Whether it’s raising your own children or caring for aging parents, being a family caregiver is fraught with fulfillment that comes at a price: stress and strain.

It’s becoming more common to be caught somewhere in the middle — being a parent to one’s own children while simultaneously caring for elderly parents. Known as the “sandwich generation,” this unique group of middle-aged adults can find themselves in a pickle.

To help navigate that feeling of being sandwiched, chew on these five ideas to help you manage the double dose of stress:

1. Don’t do it alone

Finding yourself sandwiched between caring for your 80-year-old mother and your 21-year-old who decided that college wasn’t for him can leave you at your wit’s end.

Conflicting responsibilities can stress you out to the point where you feel like you can’t get anything done. Find balance in everything life throws at you by prioritizing more pressing caregiving tasks and outsourcing or asking for family members’ help with more flexible duties.

Just like there are day cares for young children, adult day care centers can help alleviate caregiver stress by providing elder companionship and stimulation.

2. Take personal time

Caring for everyone else in your family can lead you to neglect the very thing you need to continue caregiving — your own health and well-being. The loss of personal “you” time is one of the biggest stressors facing the sandwich generation because it can feel like you never have a minute alone to regroup.

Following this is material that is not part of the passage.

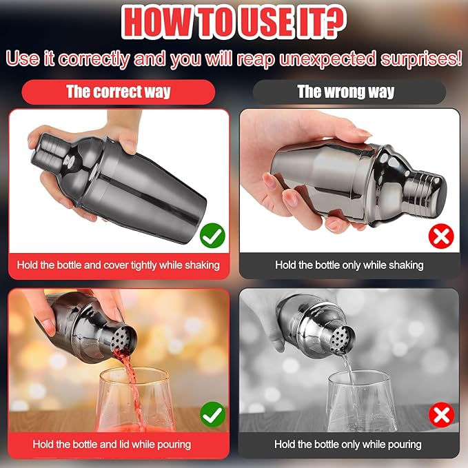 - Ideal for Beginners: the drink shaker is suitable for beginners looking to explore the process of cocktail making; It offers an insulation design keeping the ice intact and allows you to enjoy a refreshing cold drink for hours, showing the process of adding ingredients into your shaker and ensures an effortless, smooth flow when pouring your cocktail, ensuring that you can enjoy the process of crafting your cocktails
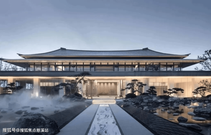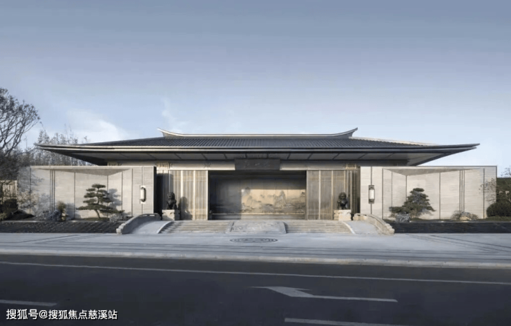 本项目展示区大门运用现代的设计手法结合中国古建筑基本元素,提升大门的质感的同时给予人皇家般的感受。简约稳重的设计造型给予人安心高贵的极致体验。大部分材料均用暗红色拉丝不锈钢平直的钢板更为建筑提供的浑厚高贵的品质。

At least once a day, give yourself time to close your eyes, take several deep breaths, and simply clear your mind. Developing several mindfulness strategies can help you better cope with stress and lead a more emotionally and mentally healthy life.

3. Spend quality time with partner

The multiple caregiving roles you find yourself in can potentially harm your intimate relationship if your attention is constantly divided elsewhere. Be diligent in assessing how sandwich caregiving has impacted your intimate relationship, and make time for each other at least once a week.

Spending quality time with your partner at the end of a particularly stressful week can help you reenergize together. Having a special date night is its own form of therapy, and it strengthens you and your partner’s bond in the face of strain.

4. Be open with communication

The sandwich generation is notorious for having to manage shifting relationship dynamics in the context of caregiving. For example, what do you do when your live-in aging mother-in-law questions how you run your household? This tension can be incredibly stressful, as it falls on top of caregiving responsibilities.

In cases where you suddenly find yourself landlord of your young adult daughter, the best strategy is open, clear communication. Stewing about what’s bothering you will only make things worse in the long run, so it’s best to face it head on and come up with a game plan together with your loved ones.

5. Don’t neglect your financial future

Navigating multiple caregiving roles comes with physical and emotional demands that overextend your time, mental health, and your financial resources.

Stress tied to economic strain can cause some in the sandwich generation to neglect their own financial planning for later life. To help offset this risk, begin planning for retirement early, such as padding out retirement savings accounts and assessing your insurance plans.

The bottom line

Being a member of the sandwich generation will undoubtedly come with some form of added stress in your life. By understanding the types of stress you’ll encounter as you take on new caregiving roles, you can more easily cope with strain.